* [REQUIREMENT]:
All of the listing below must be repeated word for word. Pictures are the only thing to omit.

* [DATA BELOW]:
● ● ● ●
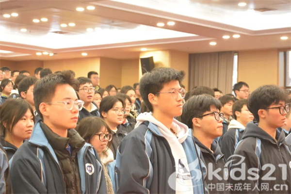 会议最后,全场师生并肩起立,他们目光坚毅、右拳高举,在2112班何海洋同学的带领下,大家激情澎湃、高呼誓词。他们的誓词似春雷、似松涛、似战鼓,让整个会场凝聚了一股无可抗拒的力量,使人激情豪迈、斗志昂扬!
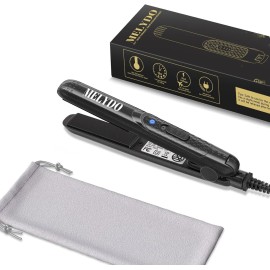 MELYDO Mini Flat Iron, Ceramic Tourmaline Small Hair Straightener for Short Hair/Bangs, Dual Voltage Travel Hair Straightener, Portable Mini Straightener with Storage Pouch(Black)
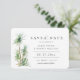 Rustikale Aquarellpalmen, Save the Date Karte. Elegantes und modernes Typografie-Design. Die Hintergrundfarbe, die in Salbei grün angezeigt wird, kann angepasst werden.
● ● ● ●
* [OUTPUT]:
 会议最后,全场师生并肩起立,他们目光坚毅、右拳高举,在2112班何海洋同学的带领下,大家激情澎湃、高呼誓词。他们的誓词似春雷、似松涛、似战鼓,让整个会场凝聚了一股无可抗拒的力量,使人激情豪迈、斗志昂扬!
 MELYDO Mini Flat Iron, Ceramic Tourmaline Small Hair Straightener for Short Hair/Bangs, Dual Voltage Travel Hair Straightener, Portable Mini Straightener with Storage Pouch(Black)
 Rustikale Aquarellpalmen, Save the Date Karte. Elegantes und modernes Typografie-Design. Die Hintergrundfarbe, die in Salbei grün angezeigt wird, kann angepasst werden.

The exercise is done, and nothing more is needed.